特定荷主の物流効率化法への対応の手引きについて 2

Q.物流統括管理者に求められる役割や選任の要件は何ですか?
A.物流統括管理者に求められる役割や選任の要件について、提供された資料に基づき説明します。
・物流統括管理者に求められる役割
物流統括管理者は、単なる物流部門の責任者にとどまらず、経営全体を俯瞰して物流効率化を推進する役割を担います。具体的には、以下の業務を統括管理することが義務付けられています。
・計画・報告の作成: 中長期計画書および定期報告書の作成。
・体制の整備と連携: トラックドライバーの負荷低減に向けた事業運営方針の作成や管理体制の整備。また、開発、生産、販売、調達、在庫管理などの関係各部門間の連携体制の構築および従業者の意識向上。
・設備·標準化の推進:効率化のための情報システムや設備の整備、器具·データ等の標準化に関する計画の作成、実施、評価。
・対外的な調整: 取引先などの関係者との連携・調整、および国が行う報告徴収や立入り検査への対応。
選任の要件
物流統括管理者の選任には、以下の法的な要 件があります。
・地位の要件:特定荷主の事業運営上の重要な決定に参画する管理的地位にある者(役員等の経営幹部)でなければなりません。
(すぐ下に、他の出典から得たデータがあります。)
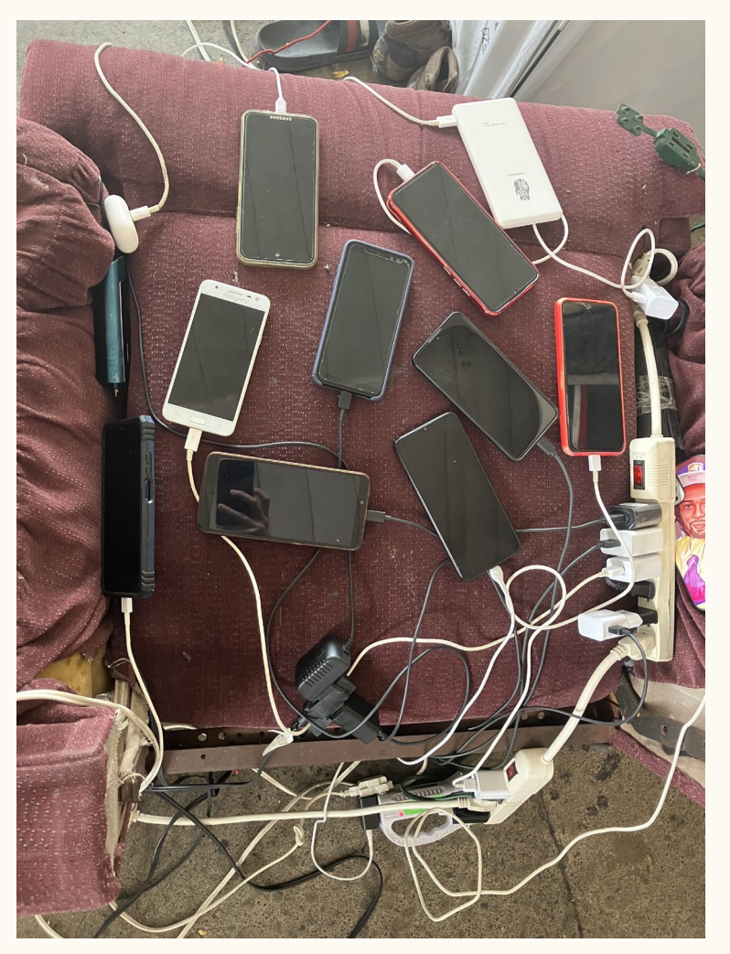
Phones charging inside the Haitian camp in Matamoros, Mexico.

In addition, the asylum ban disparately harms many Black asylum seekers by imposing penalties on those who do not have CBP One appointments when the app is not even available in the languages spoken by many African and other Black asylum seekers and continues in some cases, despite improvements, to fail to recognize darker skin tones.

・権限の範囲: 社内において生産や販売など経営全体を見た上で物流効率化の判断・調整ができ、かつ対外的にも他社の物流統括管理者等と折衝できる人物である必要があります。
・兼任のルール
・ー人の人物が、グループ会社内の複数事業者の物流統括管理者を兼任することは可能です。ただし、その人物がそれぞれの事業者の役員等として籍を置いている 必要があります。
・同一の事業者が「特定第一種荷主」と「特定第二種荷主」の両方に指定されて いる場合は、同じ人物を選任しなければ なりません。
・届出の時期
特定荷主としての指定通知を受けた後、すみやかに選任し、「物流統括管理者 選任・解任届出書(様式第4)」を提出する必要があります。遅くとも、最初の中長期計画書や定期報告書を提出するまでが目安とされています。
※届出提出先(システムでの選択先)
特定荷主→ 主たる事務所の所在地の各地方運輸局交通政策部環境・物流課等、各地方整備局建政部 建設産業課等、各地方航空局地域航空事業課
なお、物流統括管理者を選任しなかった場合、100万円以下の罰金が科される可能性があるため注意が必要です。
詳細なガイドラインは、物流効率化法理解促進ポータルサイトや、管轄の経済産業局の情報を必ず確認してください。